3PLR – ANOZIE V. ALUKA

POLICY, PRACTICE AND PUBLISHING, 3PLR, LAW REPORTS

[PDF copy of this judgment can be sent to your email for N300 only. Just order through lawnigeria@gmail.com and info@lawnigeria.com or text 07067102097]

ANOZIE

V.

ALUKA

COURT OF APPEAL

[PORT HARCOURT DIVISION]

DATE: 21ST FEBRUARY 2001

CA/PH/86/94

3PLR/2001/59  (CA)

 

OTHER CITATIONS

 

BEFORE THEIR LORDSHIPS

JAMES OGENYI OGBEBE, JCA (PRESIDED)

MICHAEL EYARUOMA AKPIROROH, JCA (DELIVERED THE LEADING JUDGMENT)

ABOYI JOHN IKONGBEH, JCA

 

BETWEEN

JOHN ANOZIE

AND

1.BARTHOLOMEW ALUKA

2.JULIUS OSUEKE

(FOR THEMSELVES AND AS REPRESENTING MEMBERS OF UMUATONTI COMMUNITY UMUARIAM OBOWO)

 

REPRESENTATION

L.C. Ugorji Esq. for the appellant.

C.M. Ezeigbo Esq. for the respondents.

MAIN ISSUES

LAND LAW – Ownership of land – ways of proving same – decision in Idundun AND Ors. v. Okumagba (1976) 9 – 10 S.C. 227 considered.

LAND LAW – Ownership of land – party relying on traditional history – particulars that must be pleaded.

PRACTICE AND PROCEDURE – EVIDENCE – Burden of proof in civil cases – burden on person who asserts to prove his case – standard of proof required in civil cases.

LAND LAW – Ownership of land – acts of possession in proof of same – when relevant.

MAIN JUDGMENT

MICHAEL EYARUOMA AKPIROROH, JCA (Delivering the leading judgment):The appellant was the defendant while the respondents were the plaintiffs in the lower court in this action which was instituted at Etiti in Imo High Court as suit No. HME/49/82.

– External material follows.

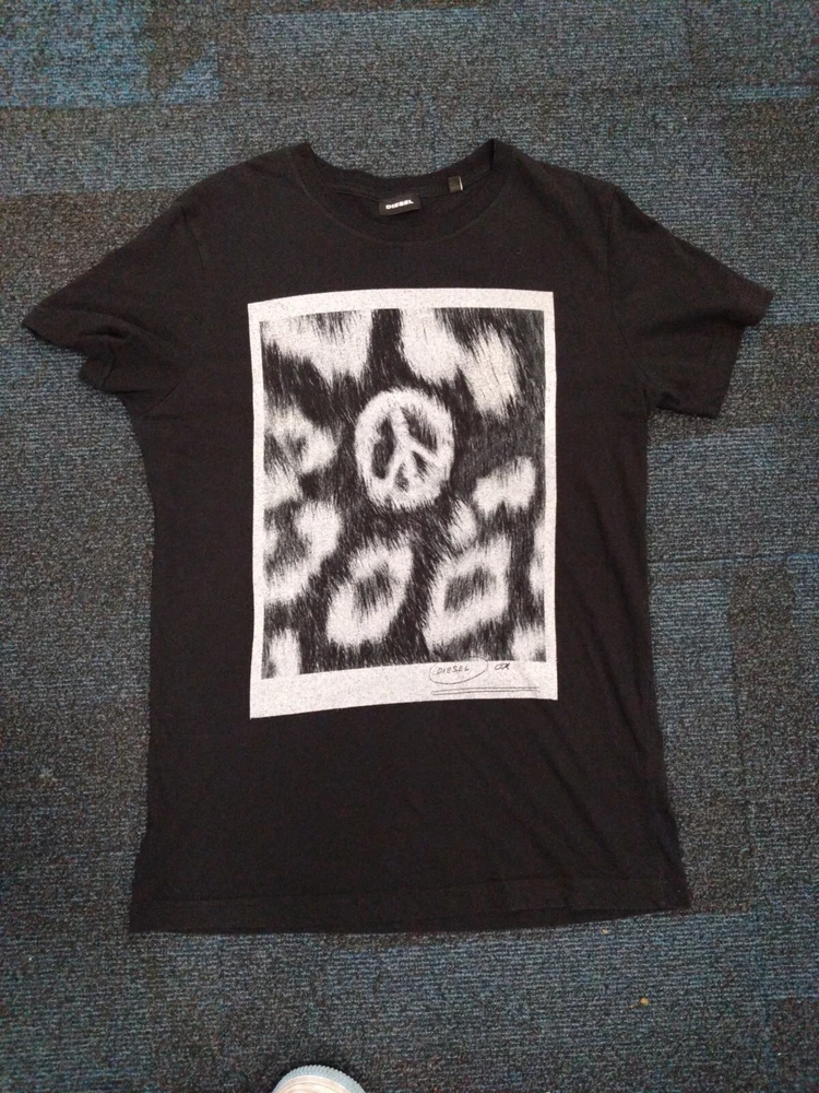 Elevate your casual look with this black Diesel print t-shirt, perfect for men who love to make a statement. Crafted from 100% cotton, this regular-fit t-shirt is comfortable to wear all day long. The 18.5 PTP size is ideal for those who prefer a relaxed fit, making it a must-have addition to any wardrobe. Featuring the iconic Diesel brand, this t-shirt is perfect for those who love to show off their style. The black colour is versatile and can be paired with any outfit, making it a great addition to your wardrobe. Ideal for casual outings, this t-shirt is a must-have for any fashion-conscious man.

Pleadings were ordered and duly delivered before the case went to trial before Acholonu J, (as he then was). The plaintiffs claim as set out in paragraph 12 of their amended statement of claim is as follows:-

 

“(1)   Declaration of title to a parcel of land known as and called Ala Upa Umuatonti situate at Umuatonti Umuariam Obowo in the Okigwe Judicial Division, the annual rental value of which is N10.00 (ten naira)

 

(2)     N400.00 (four hundred naira) being general damages for trespass.

 

(3)     An injunction permanently to restrain the defendant, his servants, agents and/or workmen from entering upon or in any way interfering or dealing with the said land.”

 

The plaintiffs’ case put briefly in the lower court is that the land in dispute was founded by their ancestor, Atonti and it descended on them through their said ancestor through their father. They have been exercising maximum acts of possession on it such as farming, since it descended on them. It is also the plaintiffs’ case in the court below that the land in dispute is not the same as the lands which are subject matters of suits Nos. 241/57 and 247/57 which were between the people of Umariam (the plaintiffs/respondents inclusive) and the people of Umuezeagu, (the appellants inclusive) which suits were consolidated and decided in favour of the appellants’ people.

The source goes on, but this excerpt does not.